Exercise prompt:
If the records below hold pictures, omit them, and print exactly the lines from the first line through the line containing "Para Xiaomi Civi", inclusive.

Stored data entries:
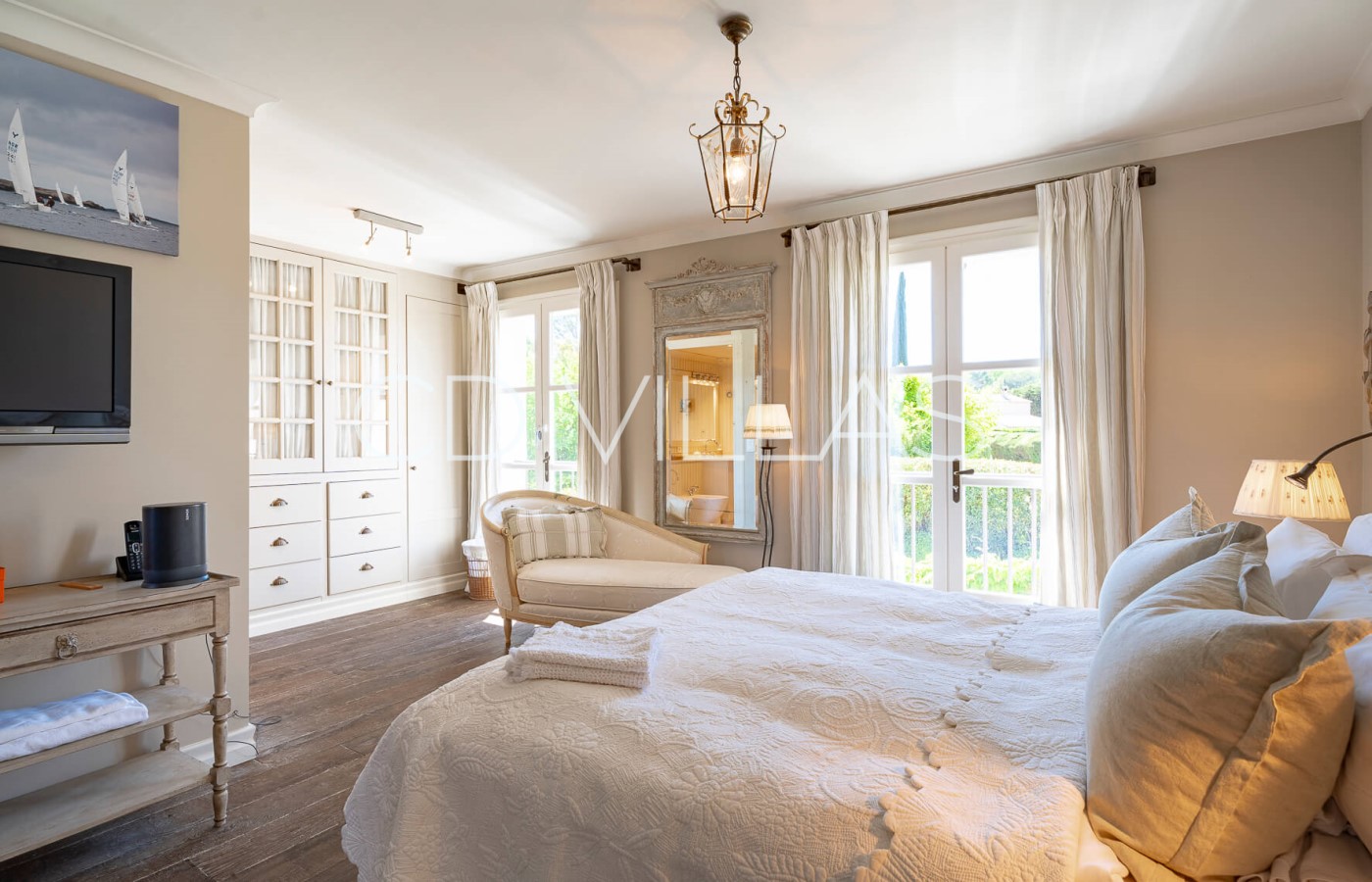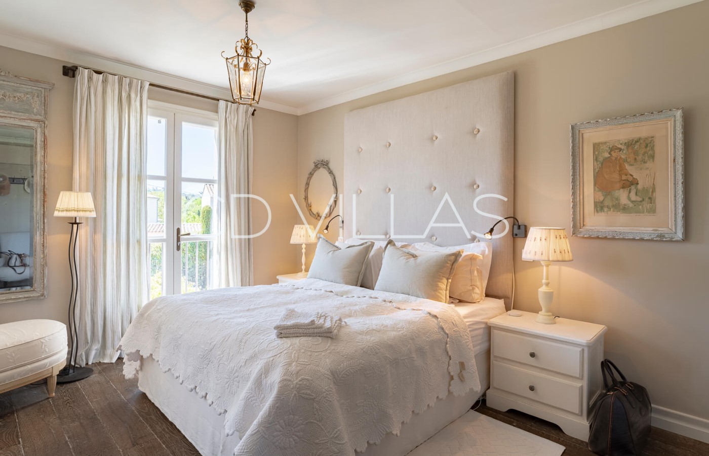 Bedroom 3 - Master bedroom with extra large double bed and ensuite shower room with vanity, shower, toilet and bidet. Lovely views over the garden and pool
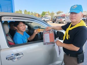 ดำเนินกิจกรรมจิตอาสา ประชาสัมพันธ์ รณรงค์ การขับขี่อย่างปลอดภัย โดยการแจกแผ่นพับและ
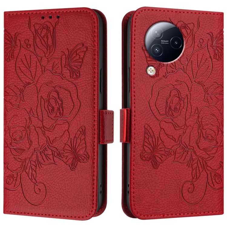 Para Xiaomi Civi 3 5G Funda de Teléfono de Cuero Antirrobo Rfid con Relieve Rosa (Rojo)
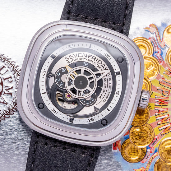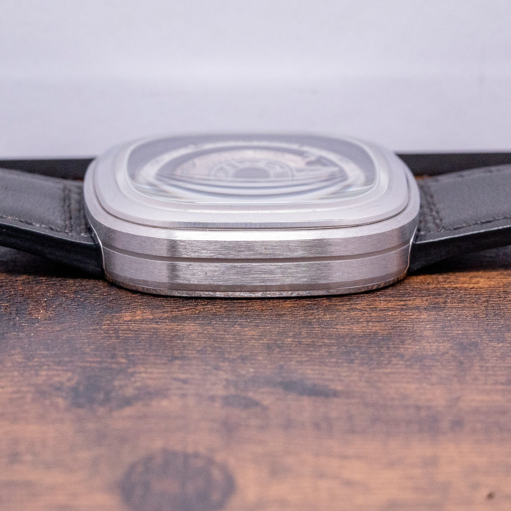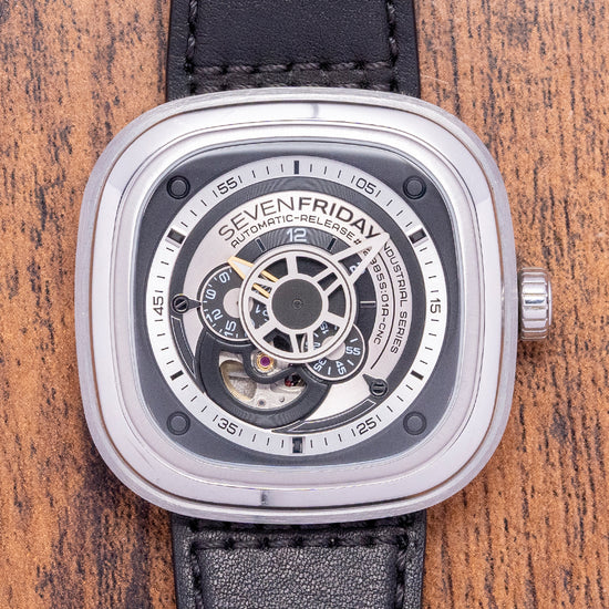 Here we have a 2023 SevenFriday P1B/01 Automatic, an interesting watch that starts with the 47mm sandblasted and polished stainless steel case resembling a 60’s TV screen and is inspired by the industrial cogwheel. A lug-to-lug length of 46.5mm and a case thickness of 12mm ensures a comfortable cushion fit on your wrist. On the right side is a signed crown with deep knurling for grip. A polished sandblasted stepped bezel holds a Sapphire crystal above a dynamic hard-brushed stainless steel dial made up of 6 separate layers of matte, brushed finishing and Rhodium and black discs. The dial is made up of a minute track, a rhodium-plated hour hand and an orange minute hand, with a 60-second rotating disc and a 12-hour rotating disc complete with a handy screwed-in pointer. The details of the watch and the SevenFriday motif are printed in contrasting black; the various elements bring together an attractive multi-dimensional dynamic dial. On the back, we have a screwed-in case back with specifications and SevenFriday engraved, inside an automatic Miyota 8257, 21 jewels, 21600 beats per hour, the dial has a skeletonised open balance at the 7 o’clock position. It is paired with three 24mm SevenFriday straps. This watch is sold with its original SevenFriday box, spring bars, and its SevenFriday unsigned paperwork.
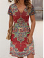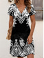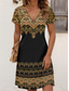 Dames Mini-jurk T shirt jurk Zonnejurk Vakantie Casual Boho Uitgaan Normale pasvorm Grafisch Paisley Korte mouw V-hals Zwart goud As Zwart Rood Zomer Lente
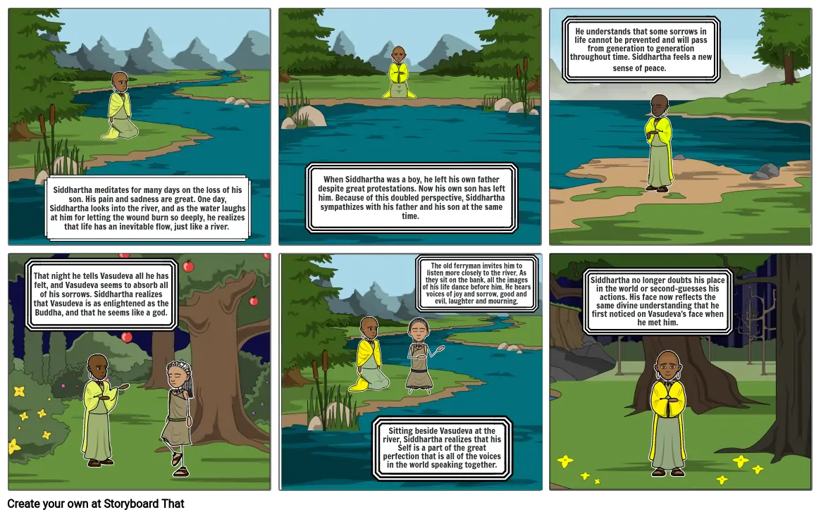 He understands that some sorrows in life cannot be prevented and will pass from generation to generation throughout time. Siddhartha feels a new sense of peace.
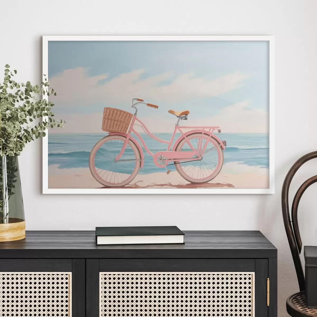 Poster Bicicletă roz pe plajă f44808
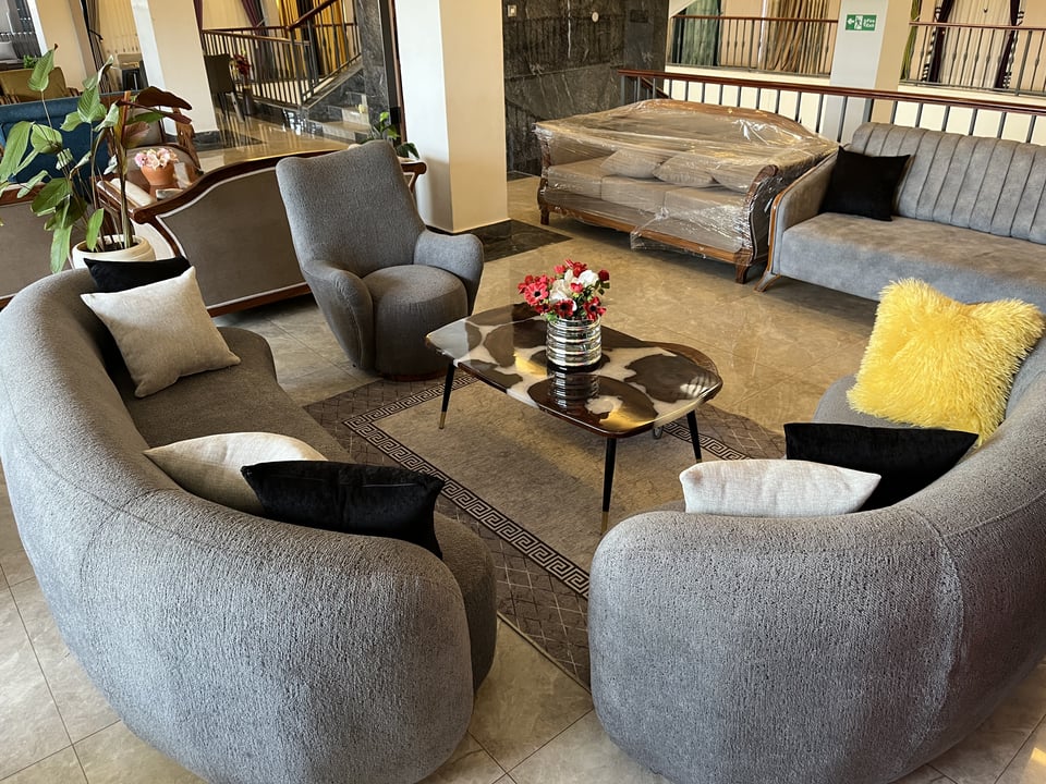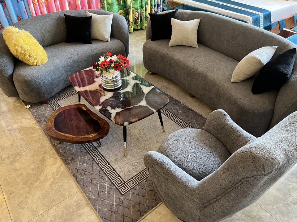 Luxury curved sofa sets in Uganda with two large sofa and one armchair with a center table fluffy cushions and vase
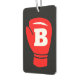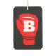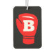 Red boxing glove with custom monogram hanging car air freshener. Personalised gift for boxer or sports coach.
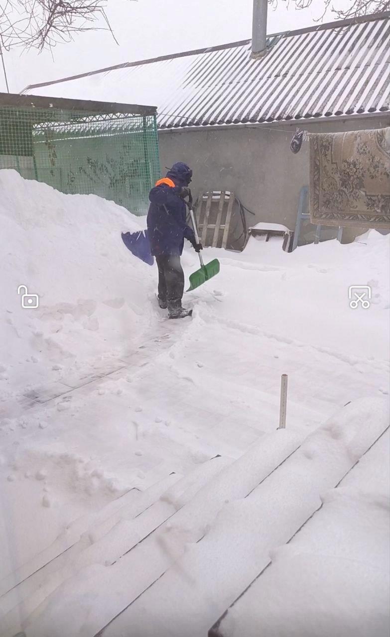 Он же и развлекался с лопатой весь свой выходной, разгребая снег во дворе, который упрямо не хотел заканчиваться, сыпал и сыпал. Почти ло крыши беседки теперь сугроб стоит! Хорошо мужу, не замерз в своей мчс-ной одежде и обуви!Только брови в снегу, как у Деда Мороза.
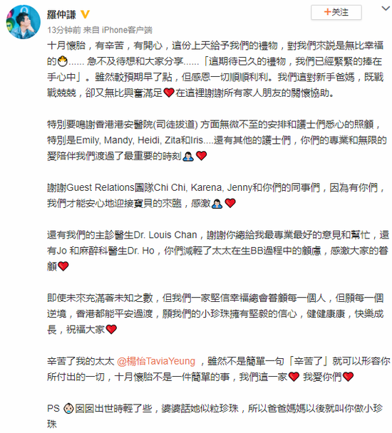 他還在文中感謝了自己的妻子楊怡:“辛苦了我的太太,雖然不是簡(jiǎn)單一句‘辛苦了’就可以形容你所付出的一切,十月懷胎不是一件簡(jiǎn)單的事,我們這一家我愛(ài)你們”。他還在文末透露,因?yàn)榕畠撼錾w重輕了些,所以取小名為小珍珠,頗有寓意。
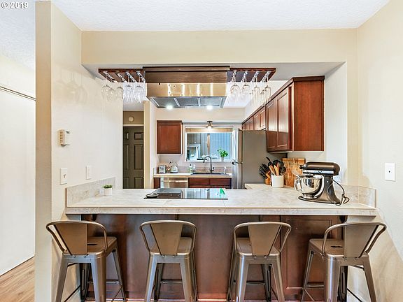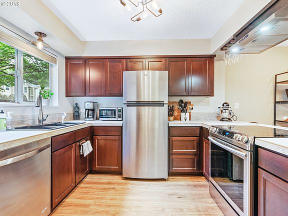 Exceptional 2bed/1.1bath move-in ready end unit condo. Light & bright w/high ceilings and beautiful laminate floors throughout. Updtd kitchen with SS appliances and eat-up bar opens to large living room with cozy fireplace. Perfect for entertaining. Upstairs features private balcony, vaulted ceilings and spacious mstr with dbl closets. Fenced yard with fire pit and room to garden. Near 217 and busline for easy transit. Welcome home.
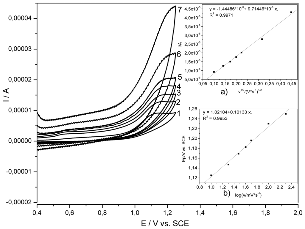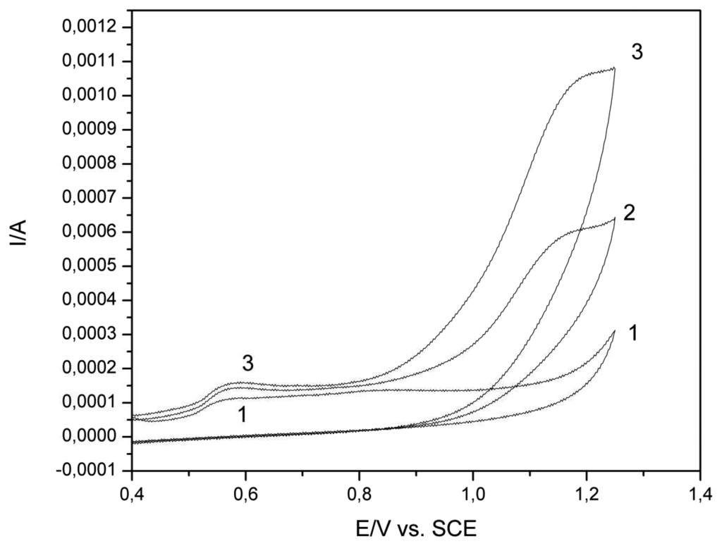 In Fig. 5, linear scan voltammograms obtained under the same CV conditions are shown. The dependences of the current peaks vs. concentration, explored in the concentration range between 0.1 mM-1 mM, were linear, with the very good correlation coefficients, 0.998. The shapes of CVs at 0.6 V were conditioned by the previous successive scan in the extended potential range (cathodic branches at less positive potential are omitted in the above-presented figures).
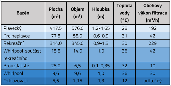 | Celkový objem bazénů:1016,3 m³ |
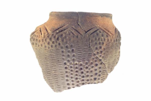 orlo arrotondato, leggermente ingrossato, breve labbro poco estroflesso, spalla indistinta e corpo piriforme; sulla spalla, incisioni abbastanza larghe e profonde a doppio zig zag; al di sotto, composizione di impressioni circolari (diam. cm. 0.4-0.5) e file di sottili trattini (lungh. cm.0.5-0.6) orizzontali incisi.

Solution to this task:
 Bedroom 3 - Master bedroom with extra large double bed and ensuite shower room with vanity, shower, toilet and bidet. Lovely views over the garden and pool
 ดำเนินกิจกรรมจิตอาสา ประชาสัมพันธ์ รณรงค์ การขับขี่อย่างปลอดภัย โดยการแจกแผ่นพับและ
 Para Xiaomi Civi 3 5G Funda de Teléfono de Cuero Antirrobo Rfid con Relieve Rosa (Rojo)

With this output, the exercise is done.